A flick of the baton and the strings stir to life. A grand sweep of the arms and the other instruments strike up in perfect harmony. The maestro on the podium skilfully unifies the musicians, sets the tempo, and directs the sounds of the ensemble.
Balancing harmony is an art. Transposed to the context of sustainability reporting, understanding the artistry behind the harmonisation requires an appreciation of the complexities of reporting instruments and the different viewpoints on how sustainability reporting should be orchestrated.
The year 2020 has been notable for a whirlwind of sustainability reporting developments. This article will look into two key aspects of the discussions: Firstly, whether there is a need for mandatory environmental, social, and governance (ESG) reporting; and secondly, what standards and frameworks should be used, and whether and how they should be harmonised.
A rising chorous of debate
Most of the current vast range of reporting instruments to support corporate issuers in sustainability reporting are voluntary. While companies of all sizes and sectors are encouraged to report their disclosures, there have been heated debates over whether mandatory reporting leads to the desired outcomes.
Mandatory sustainability reporting for all companies under the same set of standards is ambitious because different sectors face unique material priorities and are at different stages of the reporting journey. It is challenging to derive a set of performance indicators that all companies and stakeholders across sectors and jurisdictions find material. The different requirements adopted in different regions also increase the complexity for corporate sustainability reporting. There are also concerns that mandatory reporting could limit the sustainability efforts of some companies.

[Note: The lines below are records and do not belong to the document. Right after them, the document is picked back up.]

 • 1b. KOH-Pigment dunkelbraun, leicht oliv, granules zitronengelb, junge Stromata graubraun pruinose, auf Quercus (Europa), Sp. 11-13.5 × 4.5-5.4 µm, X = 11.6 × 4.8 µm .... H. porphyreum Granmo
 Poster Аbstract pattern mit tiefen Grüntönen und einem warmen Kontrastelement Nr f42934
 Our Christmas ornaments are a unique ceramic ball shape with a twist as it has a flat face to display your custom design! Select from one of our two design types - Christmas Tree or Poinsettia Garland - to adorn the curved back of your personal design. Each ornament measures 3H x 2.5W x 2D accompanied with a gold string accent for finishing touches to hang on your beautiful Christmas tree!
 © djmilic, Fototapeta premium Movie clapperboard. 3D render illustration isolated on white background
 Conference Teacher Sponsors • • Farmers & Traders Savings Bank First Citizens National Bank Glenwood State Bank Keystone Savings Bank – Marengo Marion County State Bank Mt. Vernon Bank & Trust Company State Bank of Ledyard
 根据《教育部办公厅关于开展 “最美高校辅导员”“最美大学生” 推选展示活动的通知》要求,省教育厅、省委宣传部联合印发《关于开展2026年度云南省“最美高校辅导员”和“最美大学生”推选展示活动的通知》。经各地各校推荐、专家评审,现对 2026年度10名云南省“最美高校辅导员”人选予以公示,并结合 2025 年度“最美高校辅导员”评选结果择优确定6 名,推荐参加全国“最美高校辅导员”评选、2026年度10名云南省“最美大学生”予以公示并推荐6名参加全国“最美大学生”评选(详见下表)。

Nevertheless, the shift from voluntary reporting to government-regulated reporting is gathering pace. Pressure is rising with public interest and investor activism for corporate responsibility, as well as the belief of governments that transparency will speed up progress towards stable markets and an inclusive, sustainable economy. This can be demonstrated by the announced intention of New Zealand and the United Kingdom to make declarations in line with recommendations from the Task Force on Climate-related Financial Disclosures (TCFD) mandatory.